Humans' ALMANAC: A Human Collaboration Dataset of Action-Level Mental Model Annotations for Agent Collaboration
Researchers introduce ALMANAC, a dataset of 2,987 annotated human collaboration actions designed to teach AI agents how to maintain mental models during teamwork. The dataset, built from the Map Task routing exercise, includes theory-informed annotations tracking participants' reasoning, partner intent perception, and shared goals—addressing a critical gap in training collaborative AI systems beyond task completion.
The emergence of large language model agents capable of multi-step reasoning and planning has positioned them as potential human collaborators, yet a fundamental capability remains underdeveloped: maintaining accurate mental models during interaction. ALMANAC addresses this gap by providing the first large-scale dataset with action-level annotations that capture not just what collaborators do, but why they do it and what they believe their partners intend. This work recognizes that effective collaboration requires continuous alignment on three dimensions: self-reasoning, perceived partner intentions, and shared objectives.
The dataset builds on decades of social science research using the Map Task, a classic dyadic routing exercise that naturally generates rich collaborative interactions. By formalizing mental model annotations at the action level, the researchers create a bridge between classical collaboration research and modern AI training methodologies. This approach contrasts sharply with current LLM optimization, which prioritizes task completion metrics over process-level competencies.
The benchmarking results across six LLMs reveal significant room for improvement in simulating human collaborative behavior and inferring underlying mental models. This work has immediate implications for developers building AI systems in customer service, healthcare coordination, and scientific research—domains where collaboration quality directly impacts outcomes. The dataset provides a foundation for training agents that understand not just task requirements but the collaborative context in which they operate.
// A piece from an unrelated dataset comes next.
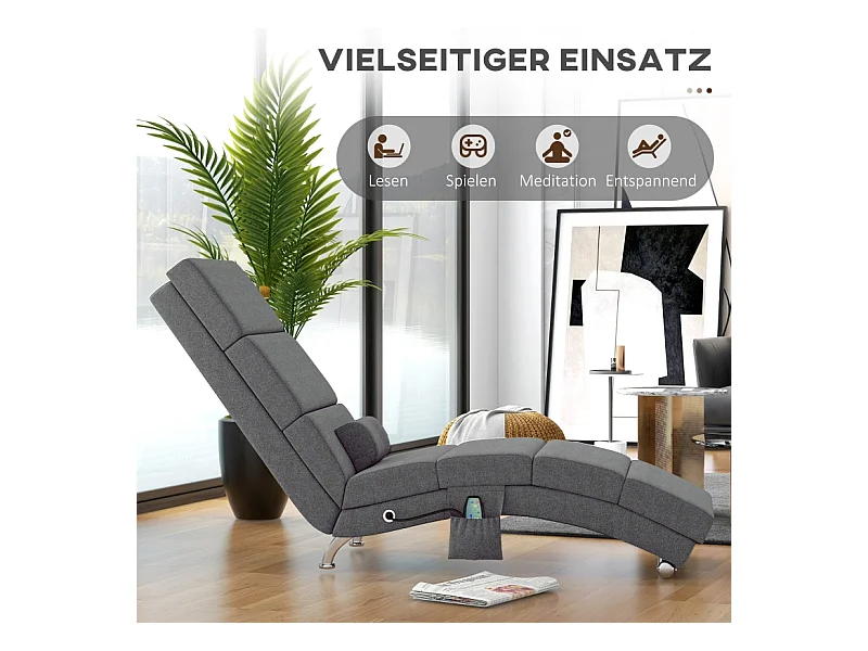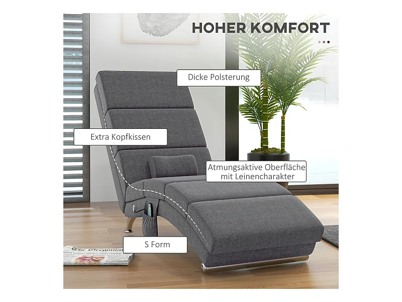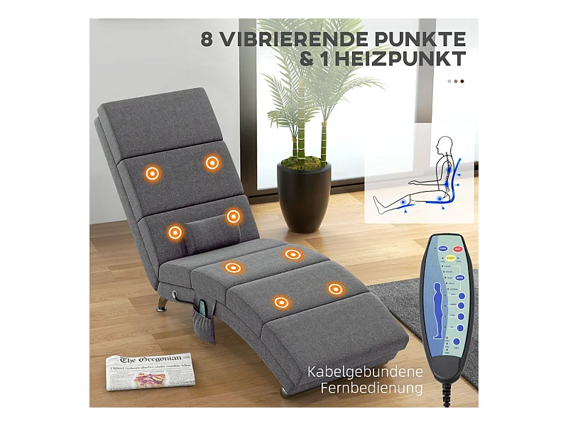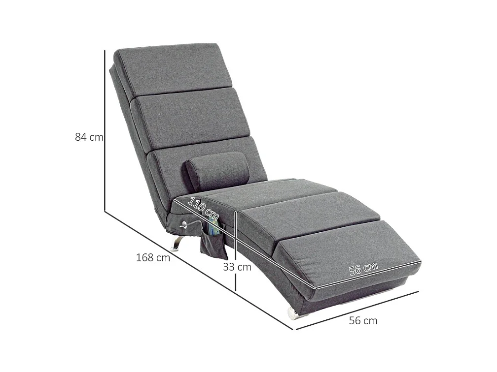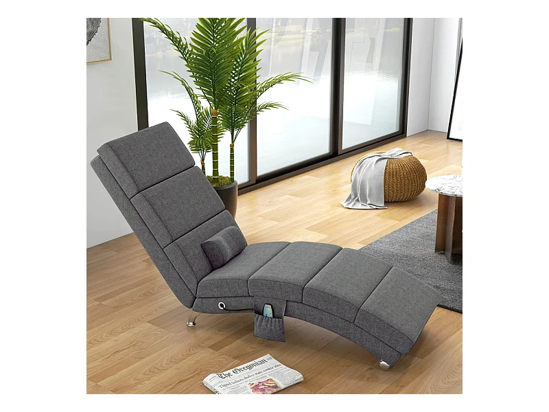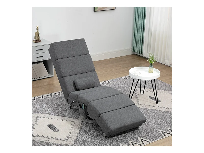 Fauteuil relax électrique tissu con massaggio 5 modalità dossier haut pliable gris foncé

Future work will likely expand ALMANAC with additional task domains and explore how mental model accuracy correlates with collaboration success metrics beyond task completion.
- →ALMANAC provides the first large-scale dataset with action-level mental model annotations for training collaborative AI agents.
- →Current LLM agents fail to develop collaborative competencies because they optimize for task completion rather than process-level alignment.
- →The dataset tracks three collaboration dimensions: self-reasoning, perceived partner intent, and shared goal understanding.
- →Benchmark results show significant gaps in LLMs' ability to simulate human collaboration behavior and infer mental models.
- →This work enables development of AI systems for collaboration-dependent domains like healthcare, customer service, and scientific research.